Writer for Mac を公開してから 2 週間がたち、まるでロケットのような売れ行きだった。2 週間でほぼ 5,000 本を売った。もちろんバージョン 1.0 にはいくつか生まれつきの欠点があった(1.01 はすでに出ている)が、機能の少なさと価格について少数の不満を除けば、フィードバックは圧倒的に好意的だった。

シンプルなユーザーインターフェースを作ることより難しいのは、自分の製品に値付けをすることだけだ。

1. 機能の少なさ

1.1 より効率的なインターフェースを作る

自分の書く道具をどう使うかを考えれば考えるほど、自分の文章について考えるためのエネルギーは減っていく。設定をいじれるようにするより、機能を減らしたアプリを作るほうがずっと難しい。誰かが「機能がないことが機能だ」と説得しようとしてきたら、あなたはたぶん反発したくなるだろう。しかし、どれだけ賢くても、Jef Raskin によるユーザーインターフェースの定義を覆すのは難しい。

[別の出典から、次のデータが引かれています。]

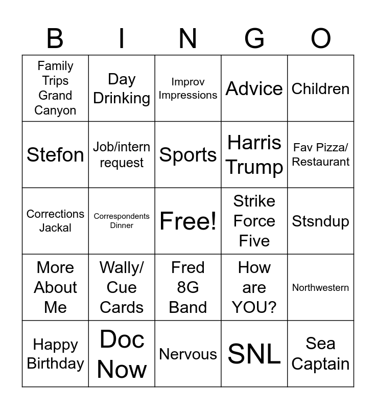 This bingo card has a free space and 24 words: Wally/ Cue Cards, Doc Now, Sports, Happy Birthday, Children, Family Trips Grand Canyon, Stefon, Day Drinking, Strike Force Five, Fred 8G Band, Harris Trump, Corrections Jackal, How are YOU?, Northwestern, Job/intern request, SNL, Stsndup, Improv Impressions, Fav Pizza/ Restaurant, Correspondents Dinner, Sea Captain, More About Me, Advice and Nervous.
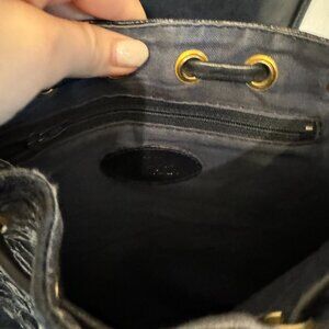 Vintage Navy Blue Croc Leather Crossbody Bucket Bag
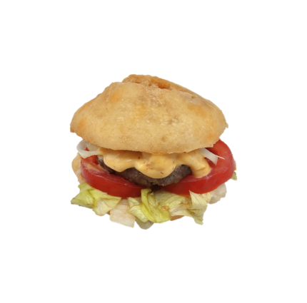 A Johnny Cake with a juicy hamburger patty nestled inside, a perfect fusion of classic comfort foods.

インターフェースとは、製品で作業をどう達成するか、そのとき何をして、どう反応するかだ。

このルールから導かれるのは、効率的なユーザーインターフェースはインタラクションの経済原則に従うということだ。つまり、入力は最小限(「何をするか」)、出力は最大限(「どう反応するか」)。論理的な帰結は、目的を達成するのに必要な操作が少ないほど、そのインターフェースはよく働くということだ。だからこそ、私たちは下書きの段階でマウス操作をできるだけ避けようとした。(マウス操作は、ポイントを探してクリックするモデルがキーボード操作よりも非効率なので、高くつく。)

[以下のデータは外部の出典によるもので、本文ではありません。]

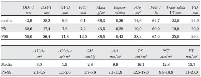Comparando los resultado con tablas internacionales: AA -3,04 mm/m2 (90%IC -3,38 - -2,70; p< 0,001); PS -2,94 mm/m2 (90% IC -3,51 – -2,37 ; p<0,001); PST -2,18 mm/m2 (90% IC -2,89 – -1,48; p <0,001); PT 0,66 mm/m2 (90% IC -1,3 – 1,4; p=0,099).

より効率的なインターフェースを作ろうとすることの欠点は、最初は人を疎外しがちで、開発に多くのコストがかかり、成功が保証されないことだ。iA Writer では、私たちはあえてそのリスクを引き受け、次のようなことを行った。

  1. 一般的なテキストエディタの多くの機能を取り払った
  2. Auto-Markdown、Focus Mode、そして消えるウィンドウバーという 3 つの新機能を導入した
  3. カーソルの定義のような細部に多くのエネルギーを注いだ(あのカーソルを動くようにするのに何か月もかかった)、さらにタイポグラフィ、トランジション、フェード、細かな形状にもこだわった

1.2 開発期間

機能の少なさ、入力定義の革新、そして細部への注意があったからこそ、情報アーキテクチャ(2010 年 1 月に開始)から実装(2010 年 10 月)、最適化(2011 年 1 月)、バグ修正(3 月)まで、ソフトウェアの開発に 1 年以上かかった。iA Writer のほとんどすべては、カスタムビルドだ。

「カスタムビルド」はそれ自体としては良い性質ではない(基本的には標準に従うべきだ)が、私たちが UI 標準から外したものはすべて、意識的で、必要だった。しかし、UI 標準から逸脱するときに負うリスクはかなり大きい。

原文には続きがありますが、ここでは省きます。